Saturday, March 31, 2007

Alfredo anyone?

I had 2 very hungry men on my hands this evening. I had taken boneless skinless chicken breasts out of the freezer in the morning so I knew I was going to make something with chicken. I went through about 10 different recipes in my head before I landed on Alfredo. I decided to make the Cooking Light version.

I love the flavor of this recipe. My only complaint about it is that if you do not eat it right away it thickens. I had made it before and it thickened very fast. This time I tried solving the problem by adding in a bit milk right before I tossed the pasta with the sauce. I think it helped but the guys and I ate it so fast there was not really much time for it to thicken. I used whole wheat Rotini noodles and seasoned my chicken with Penzey's "Pasta Sprinkle".

Fettuccine Alfredo

1 tablespoon butter
2 garlic cloves, minced
1 tablespoon all-purpose flour
1 1/3 cups 1% low-fat milk
1 1/4 cups (5 ounces) grated fresh Parmigiano-Reggiano cheese, divided
2 tablespoons 1/3-less-fat cream cheese
1/2 teaspoon salt
4 cups hot cooked fettuccine (8 ounces uncooked pasta)
2 teaspoons chopped fresh flat-leaf parsley
Cracked black pepper

Melt butter in a medium saucepan over medium heat. Add garlic; cook 1 minute, stirring frequently. Stir in flour. Gradually add milk, stirring with a whisk. Cook 6 minutes or until mixture thickens, stirring constantly.
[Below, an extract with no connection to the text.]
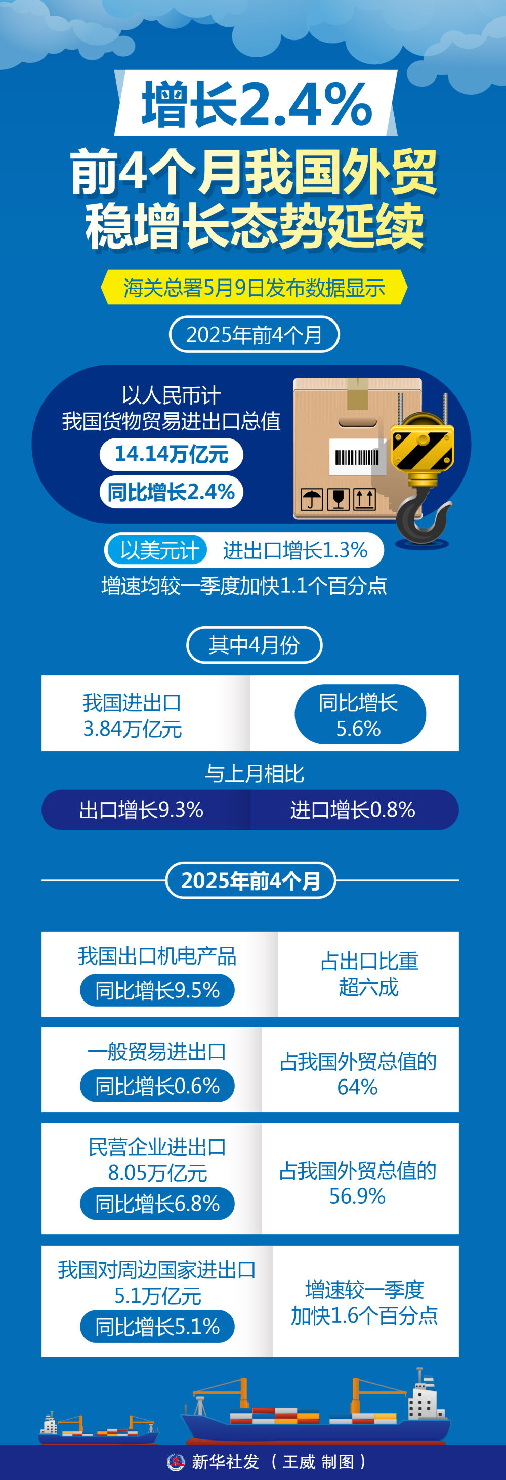 海關總署5月9日發(fā)布數據顯示,2025年前4個月,以人民幣計,我國貨物貿易進出口總值14.14萬億元,同比增長2.4%,以美元計,進出口增長1.3%,增速均較一季度加快1.1個百分點。其中4月份,我國進出口3.84萬億元,同比增長5.6%。與上月相比,雖出口同比增速高位小幅回落至9.3%,但進口由降轉為增長0.8%。

Add 1 cup Parmigiano-Reggiano, cream cheese, and salt, stirring with a whisk until cheeses melt. Toss sauce with hot pasta. Sprinkle with remaining 1/4 cup Parmigiano-Reggiano cheese and chopped parsley. Garnish with black pepper, if desired. Serve immediately.

The recipe can be found at the following link.


What's Cookin Chicago said...

I normally dont like cream cheese alfredo sauces because it thickens so quickly, but your pic looks so good enough to try it again!

Michelle said...

Wow, that looks amazing! It looks so nice and creamy. Is this the same recipe I had used before? If so, I'll have to try it again!